With the growth of the women’s movement during the 60s, 70s and 80s, the general society began to recognize what had been evident to rural women all along – that women were an integral part of most farming operations. Although most farm women would not identify themselves as feminists, they seemed justifiably proud of that recognition.

Earlier in the history of American agriculture, rural women tended to be the bookkeepers for farming operations. They have been involved in marketing the products and have tended the gardens that were a mainstay of the diets for farm families. Some were active participants during times like planting or harvest when every available body was pressed into service. But those contributions didn’t show up in the statistics gathered by the Department of Agriculture.

That began to change in the mid-80s when the Census of Farming found that 48.7 percent of women living on farms were employed off the farm. At a time of rural economic crisis, a second source of income off the farm was a matter of economic necessity. That percentage of women in off-farm jobs is much higher in the 2000s, up to 65 percent in 2007.

For some male farmers, the change was difficult to swallow. During the 80s, crisis hotlines were set up to help farmers deal with the stress of no longer being the provider in the family. Mental health professionals documented increased alcohol use and abuse. Farm women sought help for depression.

At a conference in New York state in 1981, Sherrod Perkins, a rural mental health counselor, said, “There is a confusion of roles and rural women are caught with one leg in each camp… What happens to these women?”

One of the rural women she was talking about called out, “They’re tired!” Another laughed, “They’ve got one more child, only this one is grown up.”

In the 90s, the farm crisis eased, and those farm families who survived adapted to the changing roles of women.

In fact, more and more women became farmers in their own right. According to the 2007 Census of Agriculture, the number of female farmers grew nearly 30 percent from 2002 to 2007. That year, there were 306,200 women farmers.

In New Jersey, one in five farmers is a woman, and that fact may be indicative of another trend – women operators tend to be involved in organic farming and community based agriculture. New Jersey is heavily urbanized and farms tend to be small and serve their surrounding cities. More and more women are attracted to the rural lifestyle and the chance to control their food supply.

“I think that food is still really a women’s issue,” says Karen Anderson, executive director of the Northeast Organic Farming Association. “It’s a healthy sign of a reconnection between food systems and agriculture that women are interested in farming, not just cooking.”
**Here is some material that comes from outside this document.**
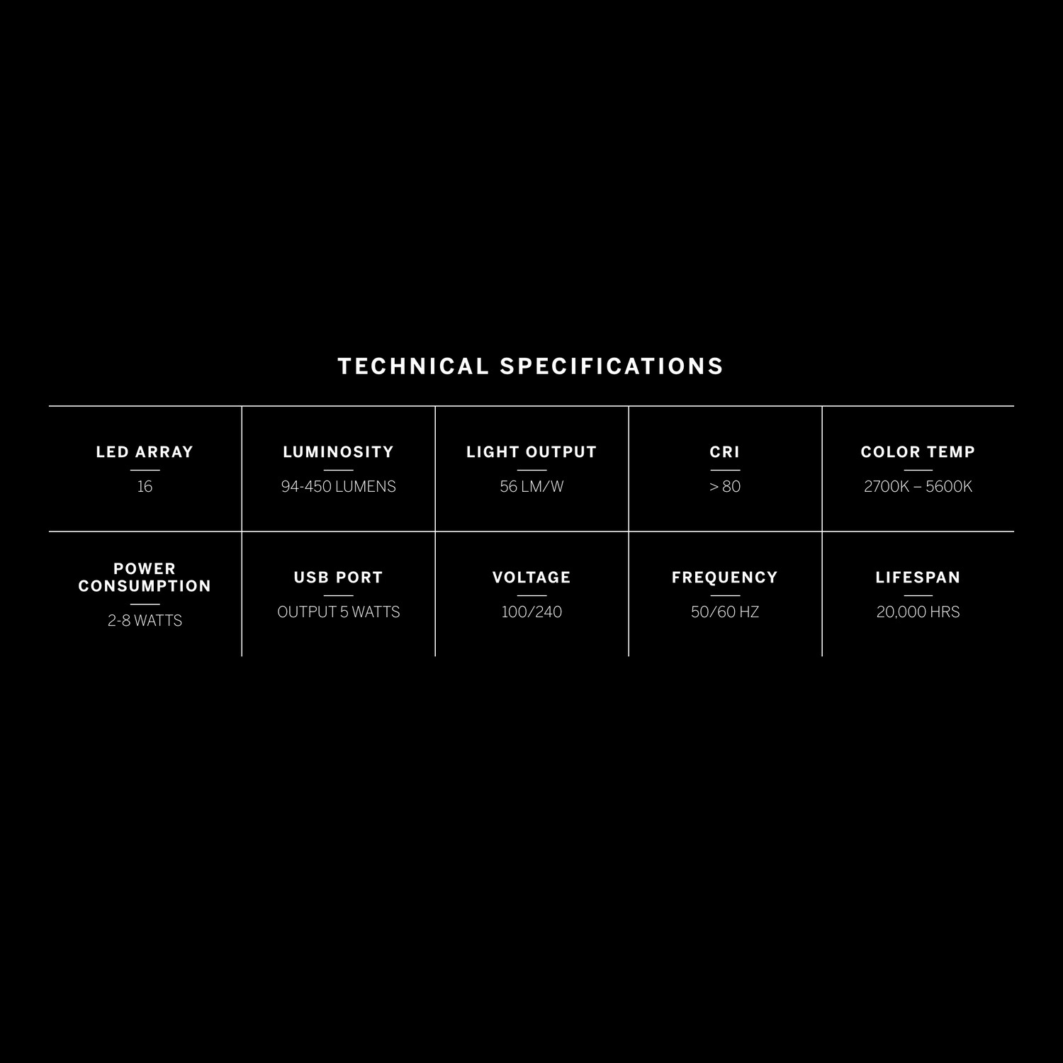 It's fully adjustable for the perfect position, and you can even adjust the brightness and color temperature. Best of all, the USB port in the base lets you change your devices right on your desk or table, without looking for an extra outlet.

WIFE, Women Involved in Farm Economics, was one of the organizations that grew from the grassroots of Nebraska into a national lobbying force. Elaine Stuhr (left) was one of its founding members. “Actually, there were a group of women in Sydney, Nebraska, in 1976 who were sitting around the pool and decided that the prices were so low that they really felt they needed to become involved,” Elaine remembers. “We were known for our ‘kitchen table lobbying’ because most of us did our work from our kitchen tables.” Elaine became the state president of WIFE in 1983, and national president in 1990 and ’91. At least once a year, WIFE members would descend on Washington and follow up their kitchen table phone calls with in-person lobbying. “We were known [as the Ladies in Red]. We all wore red because a lot of farmers were really operating in the red.” One of their biggest accomplishments was a change in USDA policies that didn’t recognize the contributions of women in farming operations.

Heather Derr (right) and her husband David share almost all of the duties and chores on their farm in York County Nebraska. “A lot of our friends can’t imagine working with their husbands,” Heather laughs. “[But] we have a fantastic working relationship because, what he enjoys doing, I don’t. And what I enjoy doing is really not high on his list. I love mindless work. I like to get in a tractor and just go.” But even though she is as involved as her husband, Heather would not call herself a feminist. “No. I do not consider myself a feminist at all. But by the same token, don’t tell me I can’t do something until I’ve tried to do it.”

Valerie Kaliff says she learned how to drive a tractor when she was 10, and she still drives a tractor or truck during harvest. But she says attitudes were different when she was growing up. “We were really discouraged to look at agriculture as a career,” Valerie says. “For girls, the opportunities were nursing, teaching, you know, in those ranges. But now, kids have the opportunity if you want.”

Suzanne Ratzlaff of Henderson, Nebraska, is one of those women whose in-town job as a teacher makes it possible for husband Cal to farm full time. “I don’t know, without my income, how a couple [like us] could have made it back then,” Suzanne remembers about when they started. “With my teaching, I have had health insurance. So, that’s really safest over the years.”

film_kobza_REven the male farmers are recognizing the contributions of their wives and partners. Hank Kobza’s wife Bonnie recently learned HTML coding so she could do the Web site for their auctioneering business. “[Women] are just as important as the guy that’s farming,” Hank says, “maybe more so because I know a lot of the wives that take care of the other business besides being in the field.”

Chris Ziegler’s says he wouldn’t be able to farm without his wife Vicky, both because she works two days a week in town and works on the farm. “She’s probably the better half of the partnership, as people would say,” Chris admits. “She does the biggest share of my bookkeeping… And then six weeks a year she is the combine operator.”